= Dataset content =
((

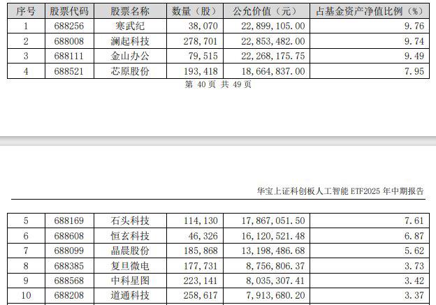图:2025年中期报告科创人工智能ETF(589520)前十大权重股
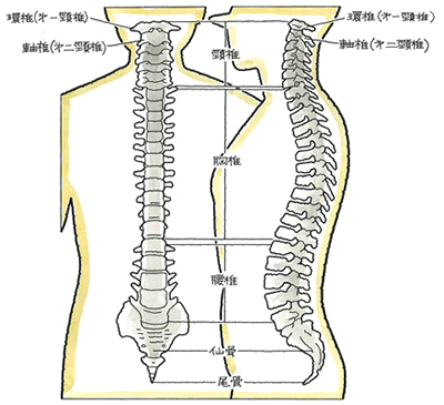 ”サーヴィカル” Cに上から順番に数字がつき、7つまでありましす。C1は環椎、C2は軸椎と別称があります。
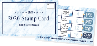 ファンケル 銀座スクエアを“楽しく、お得に”ご利用いただける、 「スタンプカード」をご用意。 5,000円ご利用ごとに1スタンププレゼント。 スタンプを集めるごとに銀座スクエア限定特典をプレゼントいたします!

))

= Exercise directions =
Once the pictures are set aside, repeat the data above exactly.

= Answer to the problem =
图:2025年中期报告科创人工智能ETF(589520)前十大权重股
 ”サーヴィカル” Cに上から順番に数字がつき、7つまでありましす。C1は環椎、C2は軸椎と別称があります。
 ファンケル 銀座スクエアを“楽しく、お得に”ご利用いただける、 「スタンプカード」をご用意。 5,000円ご利用ごとに1スタンププレゼント。 スタンプを集めるごとに銀座スクエア限定特典をプレゼントいたします!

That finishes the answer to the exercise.